(WHAT TO WORK ON): The answer must reproduce the listing exactly, with every picture left out.

(GIVEN DATA):
= = = = = = =

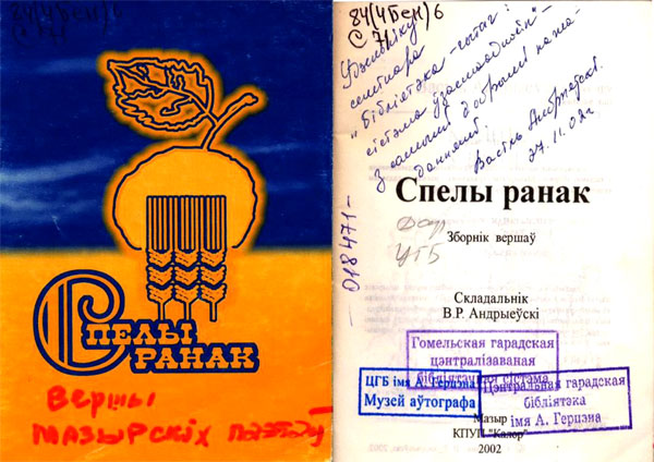 Спелы ранак: Зборнік вершаў / склад. В.Р. Андрыеўскі. –Мазыр: КПУП "Калор", 2002. – 72 с.
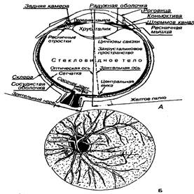 Схема строения глазного яблока (А) и глазное дно в области слепого пятна (Б).
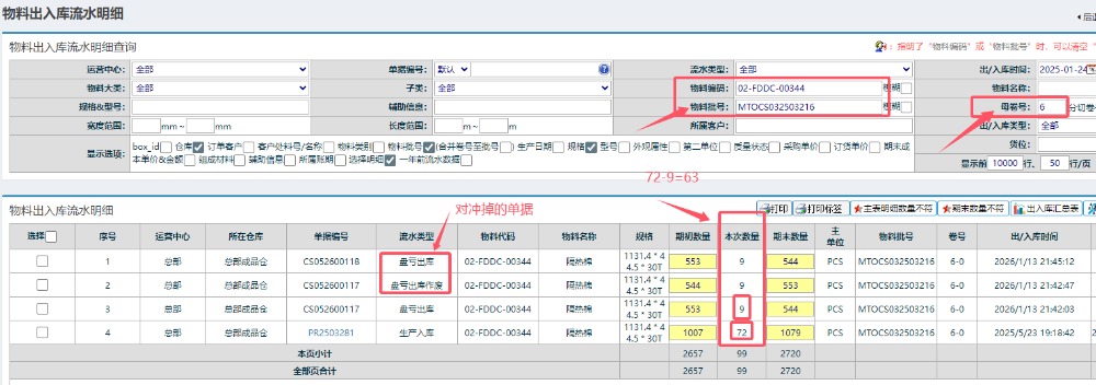 分析数量,期初入库72,盘亏出库9.  最终剩余库存63.  与当前系统库存剩余63完全对上。说明系统计算无误

= = = = = = =

(TASK SOLUTION):
 Спелы ранак: Зборнік вершаў / склад. В.Р. Андрыеўскі. –Мазыр: КПУП "Калор", 2002. – 72 с.
 Схема строения глазного яблока (А) и глазное дно в области слепого пятна (Б).
 分析数量,期初入库72,盘亏出库9.  最终剩余库存63.  与当前系统库存剩余63完全对上。说明系统计算无误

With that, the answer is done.